0. If You're New: A Three-Minute Tour

If you already know what a U-Net, DDIM, and a denoising step are, skip to §1.

A diffusion model generates an image by reversing a noising process. You start with pure random Gaussian noise — a meaningless static image — and run it through a neural network many times. Each pass nudges the image one small step away from noise and toward something coherent. After 20 to 250 passes (depending on the sampler), what comes out the other end looks like a real photograph, painting, or whatever the model was trained on.

The neural network doing this denoising is almost always a U-Net: an encoder-decoder architecture with shortcut connections — called skip connections — that link matching layers on the encoder and decoder sides. The encoder squeezes the image down to an abstract representation; the decoder builds it back up. The skip connections let detailed information bypass the squeeze.

The thing that makes diffusion models slow is that every one of those 20–250 steps requires a full forward pass through the U-Net. There's no parallel shortcut — step t-1 depends on step t's output. If the U-Net is large (Stable Diffusion's is ~860 million parameters), each pass is expensive, and you're doing dozens of them per image.

That's the setup. Speeding diffusion models up is a research subfield, and DeepCache is one entry in it. But the reason DeepCache works is what this post is actually about.

This post assumes you've at least heard of "denoising steps" and have a vague sense of what a U-Net looks like. If not, the original DDPM paper and the U-Net Wikipedia page are about thirty minutes of reading and will make everything below land harder.

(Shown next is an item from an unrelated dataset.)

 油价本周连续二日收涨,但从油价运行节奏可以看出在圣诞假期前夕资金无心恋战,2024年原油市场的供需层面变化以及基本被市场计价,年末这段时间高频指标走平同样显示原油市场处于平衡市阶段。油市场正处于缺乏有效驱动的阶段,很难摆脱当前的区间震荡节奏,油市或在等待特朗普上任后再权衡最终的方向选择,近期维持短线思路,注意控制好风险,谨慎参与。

1. The Finding the Paper Doesn't Quite Frame as a Finding

Most of the DeepCache paper is structured as a methods paper: here's a problem (slow inference), here's an observation (redundancy), here's our algorithm, here are the speedups. The observation is presented as motivation — a stepping stone to the method.

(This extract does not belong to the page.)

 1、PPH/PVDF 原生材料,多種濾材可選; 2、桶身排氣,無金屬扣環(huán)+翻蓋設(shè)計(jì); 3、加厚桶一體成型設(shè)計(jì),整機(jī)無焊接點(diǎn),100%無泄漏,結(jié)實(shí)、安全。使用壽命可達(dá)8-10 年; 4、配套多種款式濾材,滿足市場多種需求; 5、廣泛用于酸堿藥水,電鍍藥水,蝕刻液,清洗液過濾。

I think it deserves to be read the other way around.

The authors did something simple. They took several pre-trained diffusion models — Stable Diffusion v1.5, LDM-4-G on ImageNet, DDPM on LSUN-Bedroom and LSUN-Churches — and during inference they recorded the activations at one of the upsampling blocks of the U-Net. Then they computed the cosine similarity of those activations between every pair of denoising steps.

The result is the heatmap in Figure 2(b) of the paper. It's mostly hot. For Stable Diffusion v1.5, the activations at most pairs of nearby steps are >95% similar. The same holds for LDM-4-G. For DDPM on the LSUN datasets, some timesteps are >95% similar to as much as 80% of all other timesteps.

Read that again, because it's the load-bearing fact of this entire post: the internal representation that the model computes at one denoising step is, at many points in the trajectory, almost indistinguishable from the representation it computes ten or twenty steps earlier or later.

If you came to this paper looking for a speedup trick, this is where you start designing one. If you came looking to understand what diffusion models are doing, this is where you stop and ask a different question.

2. What This Could Mean: Three Readings

Empirical findings of this shape don't have a single interpretation. There are at least three readings of "internal features barely change across denoising steps," and they make different predictions about what we should expect to see if we look harder. I want to walk through all three before committing to one.

Reading A: The model is doing busywork.

The simplest reading is that the model is over-parameterized for the task it's been given. Diffusion models are trained to handle the full noise schedule, which spans pure noise to clean image — but at any individual step, the model is doing a much smaller job (remove a tiny amount of noise). It has more capacity than it needs at each step, so it spends a lot of that capacity computing things that don't actually drive the output.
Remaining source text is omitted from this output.